Assignment: Output the first line below and each one after it, exactly, up to and including the line holding "在北京市生產(chǎn)、銷". Pictures should not be copied.

Dataset excerpt:
#####
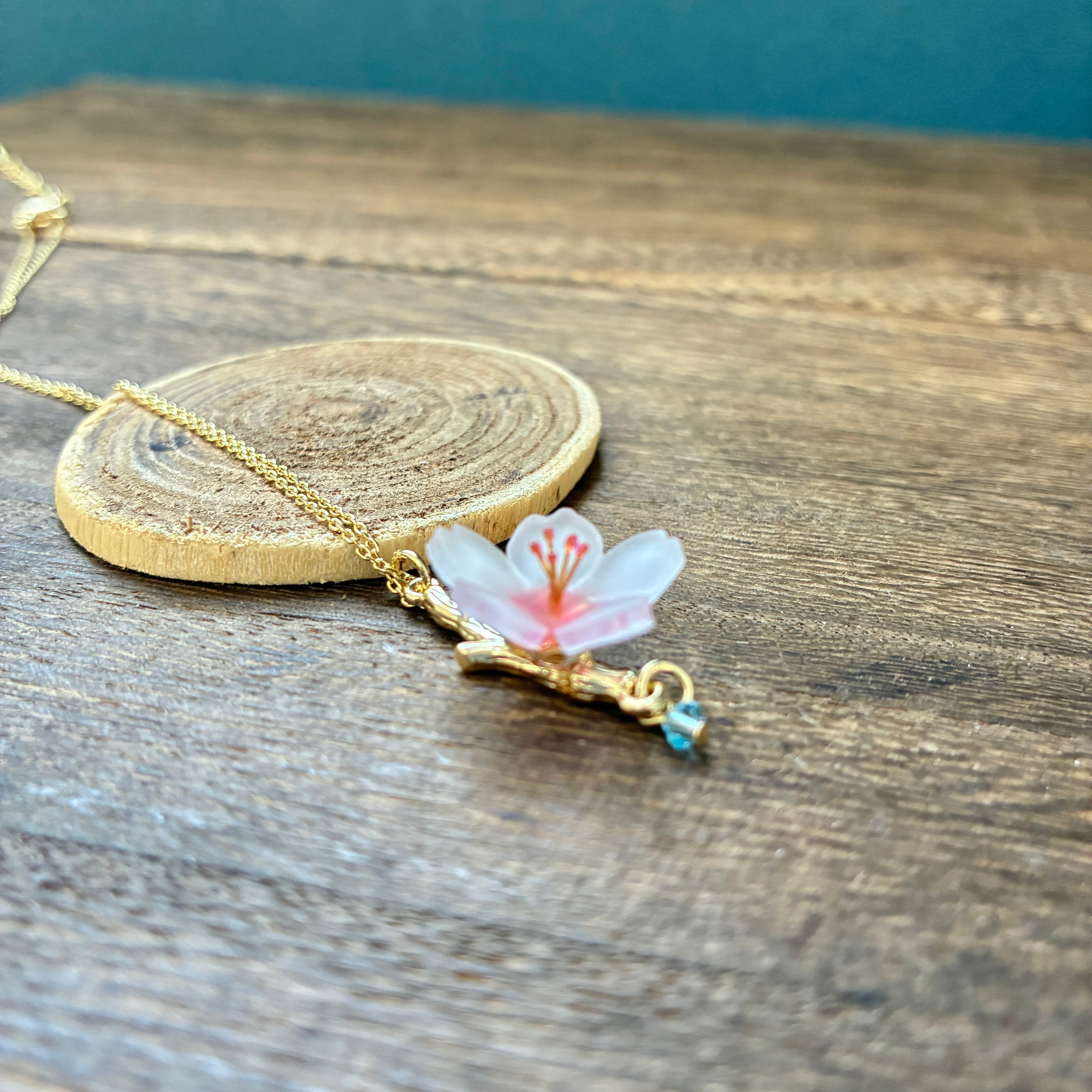 一輪の桜のモチーフをシンプルなネックレスに仕立てました。
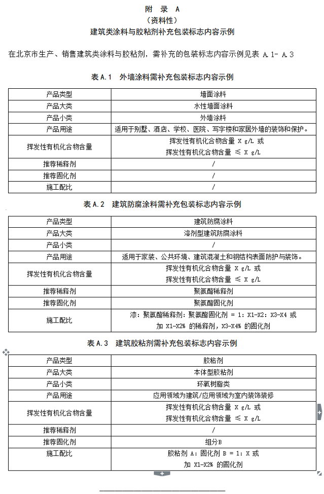 在北京市生產(chǎn)、銷售本文件規(guī)定的產(chǎn)品,除原有產(chǎn)品說明外,需要在包裝標(biāo)志上補(bǔ)充標(biāo)明以下內(nèi)容,示例參照附錄 A:
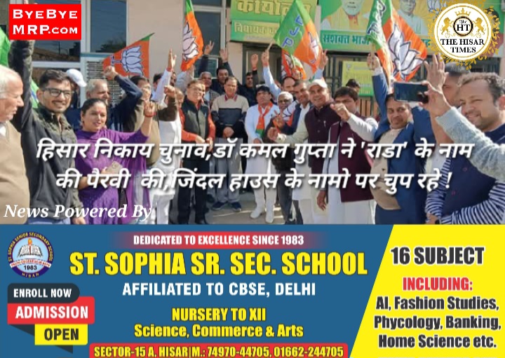नोट – नौकरी संबंधित सूचनाओं के लिए निचे देखें हिसार टाइम्स जॉब्स क्लासीफाइड ! हिसार टाइम्स – निकाय चुनाव की घोषणा के बाद से हिसार में उम्मीदवारों के पल पल समीकरण बदल रहे हैं, हर कोई अपने आप को टिकट का दावेदार बता रहा है, इसी बीच भाजपा ने एक कदम आगे बढ़ाते हुए मेयर … Continue reading मीटिंग में पूर्व मंत्री डॉ कमल गुप्ता ने ‘राडा’ का नाम आगे बढ़ाया, जिंदल हाउस के नामो पर चुप रहे !
#####
Answer section:
 一輪の桜のモチーフをシンプルなネックレスに仕立てました。
 在北京市生產(chǎn)、銷售本文件規(guī)定的產(chǎn)品,除原有產(chǎn)品說明外,需要在包裝標(biāo)志上補(bǔ)充標(biāo)明以下內(nèi)容,示例參照附錄 A:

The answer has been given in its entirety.